The only way to get the truth would be to scare this woman into telling him with the efforts of a faceless armed man hiding in the shadows. Peering out through his green eyes, he shuffled across the back of the kitchen out into the living room where Clara now sat in silence. Odd for someone who’d killed her husband and lived in a million dollar house.

Nearing the woman, he brought the gun up to the back of her head and spoke, “Move and your dead.” She dropped the photo album she’d been looking at and began to shake ever so slightly.

“Oh-okay,” she stuttered, as Grey sized her up. He noted the wedding band on her finger, something that shouldn’t be there if she’d planned the death of her husband and followed through over a year ago, at least not in the comfort of her own home so long after.
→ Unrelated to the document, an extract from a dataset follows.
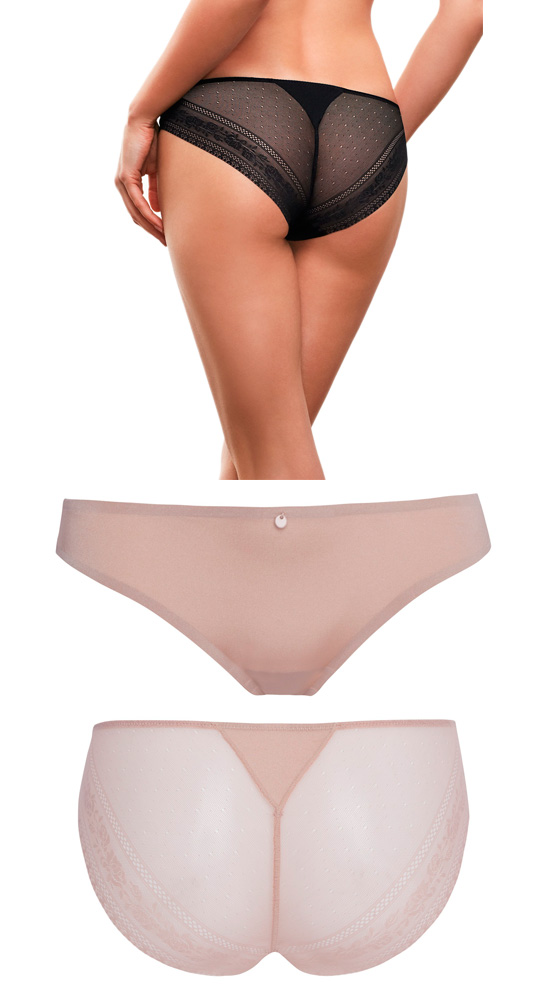Fabricada em microfibra na frente, e renda plana atrás com efeito tanga. Acabamentos invisíveis que não marcam.

Glancing at the photo album he made out pictures of a wedding, her wedding to her deceased husband, also peculiar for a guilty woman. “State your name and familial status,” he demanded of her, knowing someone who was guilty of a crime and was as manipulative as this woman was supposed to be, would quite probably lie easily in the face of death.

Her gripped tightened around the base of the couch. “Clara Trice-Alrin,” she began, her voice an echo of misery. “Widow to Mark Alrin, sister-in-law of Kevin Alrin, and mother of five and a half month old Lilly Alrin. Both of my parents have passed, as well as my in laws.” This woman spoke with such a despairing tone, Grey almost believed off the bat that she wasn’t who he’d been told she was. But he had a few more unanswered questions before he could make that assumption.

“What is the extent of your knowledge of your husband’s death?” he asked in monotone, he couldn’t afford to give away the exact dialect of his voice unless he wanted to get run out of the business. Or pulled out and thrown into prison by his military comrades, a day job he couldn’t afford to lose.

She seemed to hesitate, which was a sign of guilt, although he couldn’t be quite sure of that as he wasn’t able to note her facial expressions. “He was mur- murdered,” she muttered, a stutter that could be described as either guilt or by loss based on whatever facial expression went along with it. In order to get the real truth and not make the mistake of killing a woman innocent of this pertinent crime, he’d really have to test her.